- Luigi Mangione, de 27 anos, é acusado de assassinar Brian Thompson, CEO da UnitedHealthcare, em dezembro de 2024, em Manhattan.
- O crime foi alegadamente motivado por uma vingança contra o setor de saúde.
- Um juiz rejeitou as acusações de terrorismo, mantendo apenas a acusação de homicídio doloso.
- O promotor distrital de Manhattan, Alvin Bragg, descreveu o assassinato como um ato “assustador e bem planejado”.
- Mangione enfrenta um processo federal que pode resultar em pena de morte e, se condenado no tribunal estadual, pode pegar prisão perpétua sem possibilidade de liberdade condicional.
Luigi Mangione, de 27 anos, é acusado de assassinar Brian Thompson, CEO da UnitedHealthcare, em um ataque ocorrido em dezembro de 2024, em Manhattan. O crime, que Mangione alega ter sido motivado por uma vingança contra o setor de saúde, gerou grande repercussão.

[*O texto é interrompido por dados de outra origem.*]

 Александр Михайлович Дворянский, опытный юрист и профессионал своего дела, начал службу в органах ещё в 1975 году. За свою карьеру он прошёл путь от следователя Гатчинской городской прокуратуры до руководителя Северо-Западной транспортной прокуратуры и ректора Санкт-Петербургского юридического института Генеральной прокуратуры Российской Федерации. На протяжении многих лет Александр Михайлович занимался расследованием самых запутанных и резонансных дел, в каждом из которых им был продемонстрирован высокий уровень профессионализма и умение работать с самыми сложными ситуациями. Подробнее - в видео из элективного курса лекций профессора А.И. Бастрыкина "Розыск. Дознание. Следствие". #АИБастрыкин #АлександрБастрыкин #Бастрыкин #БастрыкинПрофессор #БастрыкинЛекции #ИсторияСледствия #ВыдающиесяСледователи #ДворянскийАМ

Recentemente, um juiz de Nova York rejeitou as acusações de terrorismo contra Mangione, mantendo apenas a acusação de homicídio doloso. O juiz Gregory Carro considerou que as alegações de motivação ideológica não se enquadravam na definição legal de terrorismo, afirmando que não havia evidências suficientes para sustentar essa acusação. O julgamento ainda não tem data marcada, mas promete atrair considerável atenção pública e política.

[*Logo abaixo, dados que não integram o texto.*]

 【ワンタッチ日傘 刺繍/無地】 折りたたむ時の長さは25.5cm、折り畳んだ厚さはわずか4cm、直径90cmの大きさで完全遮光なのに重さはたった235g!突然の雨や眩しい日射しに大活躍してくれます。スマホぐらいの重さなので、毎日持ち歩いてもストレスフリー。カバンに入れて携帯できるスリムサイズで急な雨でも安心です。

Durante a audiência, Carro destacou que as acusações de homicídio em primeiro e segundo graus como parte de um ato de terrorismo eram “legalmente insuficientes”. O promotor distrital de Manhattan, Alvin Bragg, havia descrito o assassinato como um ato “assustador e bem planejado”, enquanto a defesa argumenta que Mangione buscava chamar a atenção para a ganância do setor de seguros.
Mangione foi preso em Altoona, na Pensilvânia, após fugir do local do crime. Desde então, ele se tornou uma figura controversa, recebendo apoio de pessoas que veem suas ações como um protesto contra o sistema de saúde. Além das acusações estaduais, ele enfrenta um processo federal que pode resultar em pena de morte.

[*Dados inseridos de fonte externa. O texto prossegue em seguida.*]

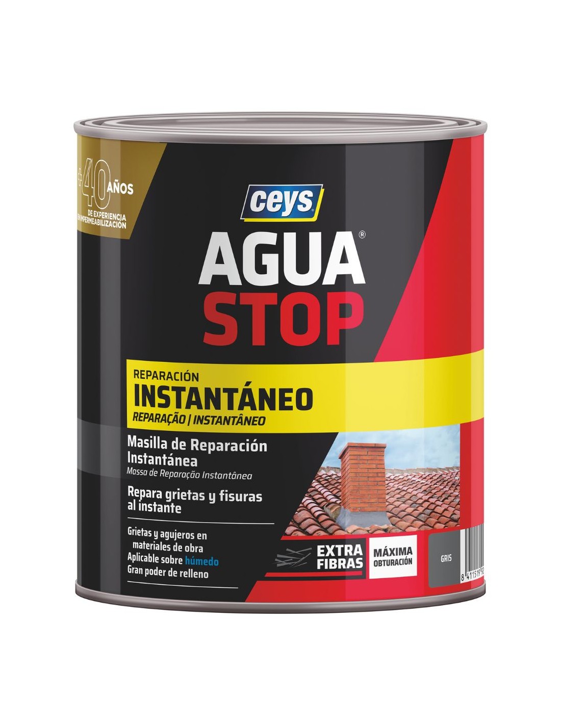 Ceys Aguastop masilla impermeabilizante es un producto en base dispersión concentrada de caucho modificado con resinas especiales, fibra de vidrio y cargas reforzantes. Al secarse, forma una película adherida al soporte, impermeable y con la elasticidad necesaria para seguir las dilataciones de los materiales empleados normalmente en construcción. 1kg Gris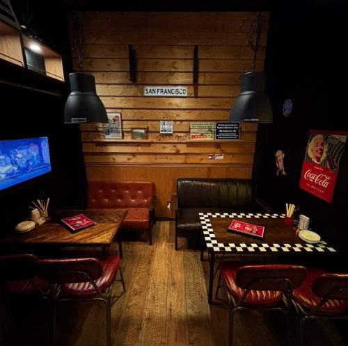 【秘密基地感満載】喧騒から離れてゆったりと過ごせるソファー席完備!特別感を味わえる、自分だけの特等席のような空間でアメリカンフードやドリンクをお楽しみくださいませ!

A defesa de Mangione, liderada pela advogada Karen Friedman Agnifilo, considera a decisão do juiz uma vitória inicial e planeja contestar as acusações restantes. Se condenado no tribunal estadual, Mangione pode enfrentar prisão perpétua sem possibilidade de liberdade condicional. O caso continua a refletir a crescente insatisfação pública com o sistema de saúde nos Estados Unidos.